A reference in an enactment or document to the Income Tax Act 1994 (or to the Income Tax Act 1976), or to a provision of that earlier Act, is to be interpreted as a reference to this Act, or to the corresponding provision in this Act, to the extent necessary to reflect sensibly the intent of the enactment or document.

Section 21 of the Interpretation Act 1999 ("the Interpretation Act") provides:

Anything done in the exercise of a power under a repealed enactment, and that is in effect immediately before that repeal, continues to have effect as if it had been exercised under any other enactment-

(a)           That, with or without modification, replaces, or that corresponds to, the enactment repealed; and

(b)           Under which the power could be exercised.

Analysis

The 1994 Act was repealed with respect to tax on income for the 2005/2006 and subsequent tax years when the 2004 Act came into force on 1 April 2005:  section YA 1 of the 2004 Act.  Unless an enactment is preserved by a savings provision at the time of the repeal, the effect of the repeal of an Act is that:

  • for the future, the enactment is treated as if it had never existed; and
  • subordinate or delegated legislation made under a repealed Act lapses.

See Inspector of Awards and Agreements v Malcolm Forlong Ltd [1974] 1 NZLR 36. 

Therefore, unless depreciation determinations are preserved by a savings provision, determinations made under sections EG 4, EG 10 or EG 11 of the 1994 Act would lapse in respect of the 2005/2006 and subsequent income years following the repeal of the 1994 Act.

The 2004 Act contains a specific savings provision, section YA 3(2).  There is also a general savings provision in the Interpretation Act 1999, section 21.  A specific savings provision will override a savings provision in the Interpretation Act:  Vela Fishing Ltd v CIR (2001) 20 NZTC 17,242 (CA); (2003) 21 NZTC 18,123 (PC)(CA); Nelson Air Ltd v NZ Airline Pilots Assn IUOW [1992] 1 ERNZ 632.  However, there is no inconsistency between section YA 3(2) and section 21.  These provisions complement each other and give rise to the same result. 

Section YA 3(2)

For section YA 3(2) to apply in respect of depreciation determinations made under the 1994 Act, the following conditions must be satisfied:

  • A depreciation determination is an enactment or document.
  • A provision in the 2004 Act or the TAA is a "corresponding provision" to a provision in the 1994 Act.  References in the 2004 Act to "this Act" include a reference to the TAA "unless the context otherwise requires":  section AA 3(1).  Therefore, a "corresponding provision" may be in the 2004 Act or the TAA.
  • It is necessary to interpret references to the 1994 Act and to section EG 4, section EG 10 or section EG 11 in a determination as references to the 2004 Act and to a corresponding provision in that Act "to reflect sensibly the intent of" the depreciation determination.

Section YA 3(2) applies to depreciation determinations as:

  • A depreciation determination is a document, being an official record of the Commissioner's determination of the depreciation rates to be applied for the purposes of the Income Tax Act.

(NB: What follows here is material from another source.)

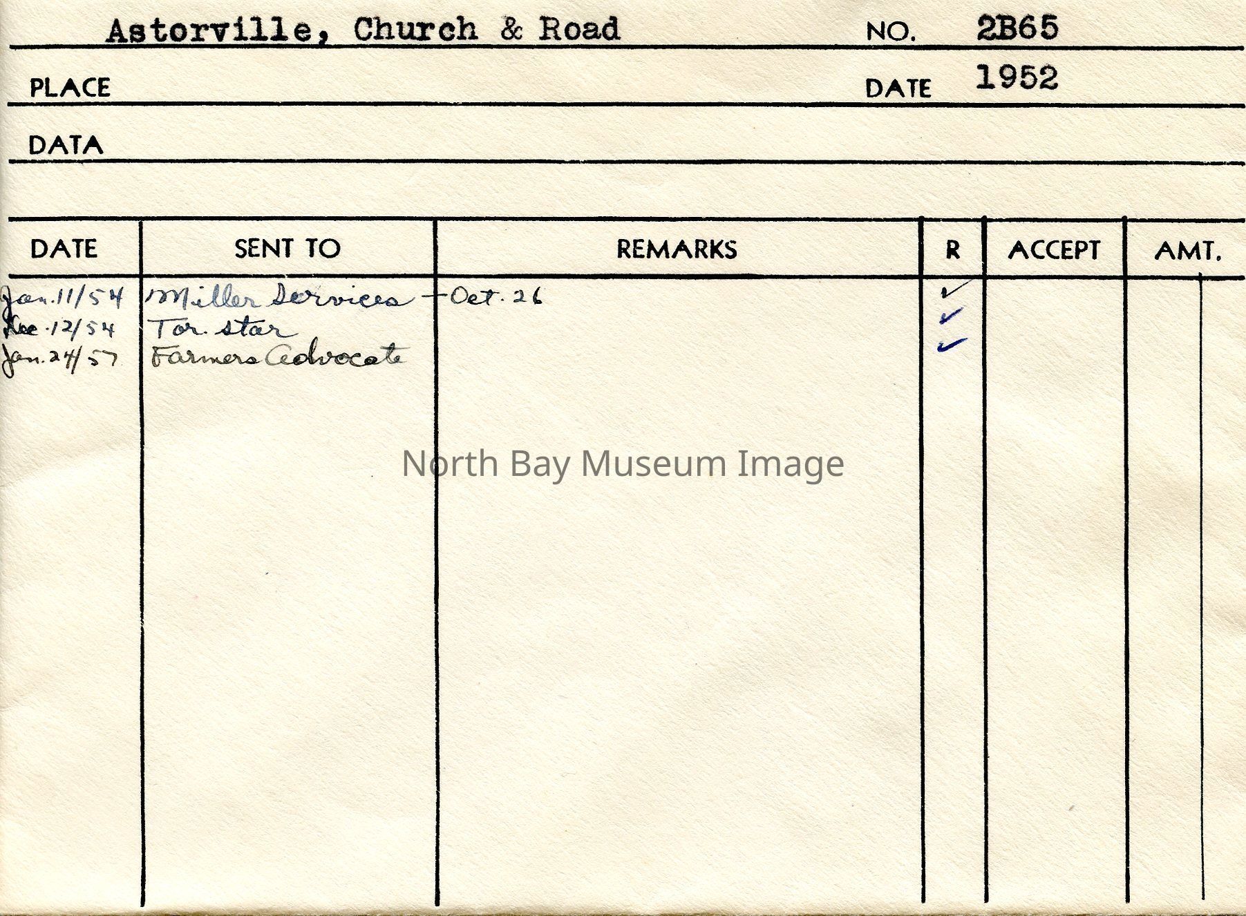 Envelope (a) containing negative (b) of a church in Astorville. The negative shows a church from a side view in the wintertime, there are two individuals walking towards/away from the photographer A part of the Forder Collection. The photographers original number is 2B65. All of the photographs publications are listed on the the envelope.Creator

The essential characteristic of a "document" is that it is a record of information in some form:  see R v Daye [1908] 2 KB 3338; Tucker (JH) & Co Ltd v Board of Trade [1955] 2 All ER 522; and Rollo v HM Advocate (1996) SCCR 874. 
  • Section EE 25 of the 2004 Act and section 91AAF of the TAA are corresponding provisions to section EG 4 of the 1994 Act.  Section EE 29 of the 2004 Act and sections 91AAG, 91AAH, 91AAI and 91AAJ of the TAA are corresponding provisions to section EG 10 of the 1994 Act. The corresponding provisions to section EG 11 of the 1994 Act are sections EE 21, EE 22, EE 23 and EE 24 and section 91AAL of the TAA.

    It is irrelevant that a provision in the repealed legislation has been replaced by more than one provision.  As section 33 of the Interpretation Act provides that "words in the singular include the plural", the reference to "corresponding provision" in section YA 3(2) includes corresponding provisions:   Seataste Products Ltd v Director-General of Agriculture and Fisheries [1995] 2 NZLR 449.  To be a "corresponding provision", a provision must have a similar purpose, have the same character and function, prescribe the same thing to be done and be designed to produce the same results but need not be identical to the provision in the repealed legislation:  Vela Fishing Ltd v CIR (2001) 20 NZTC 17,242 (CA); (2003) 21 NZTC 18,123 (PC).  It is considered that the provisions relating to the making of depreciation determinations in the 2004 Act and the TAA are corresponding provisions to sections EG 4, EG 10 and EG 11.  As with sections EG 4, EG 10 and EG 11 these provisions authorise the Commissioner to determine depreciation rates and set out the procedure for setting depreciation rates for the purpose of calculating the amount of depreciation on depreciable property. 
  • It is necessary to treat a reference to the 1994 Act in an existing depreciation determination as a reference to the 2004 Act or the TAA, and to the corresponding provisions in the 2004 Act or the TAA, in order to reflect sensibly the intent of a depreciation determination.  Generally there is no expiry date in a depreciation determination.   As there are no policy changes in respect of the setting of depreciation rates under the new legislation, it is considered that the intent of existing depreciation determinations is that they will apply indefinitely to the relevant assets until they are revoked or that they will apply until their expiry date. 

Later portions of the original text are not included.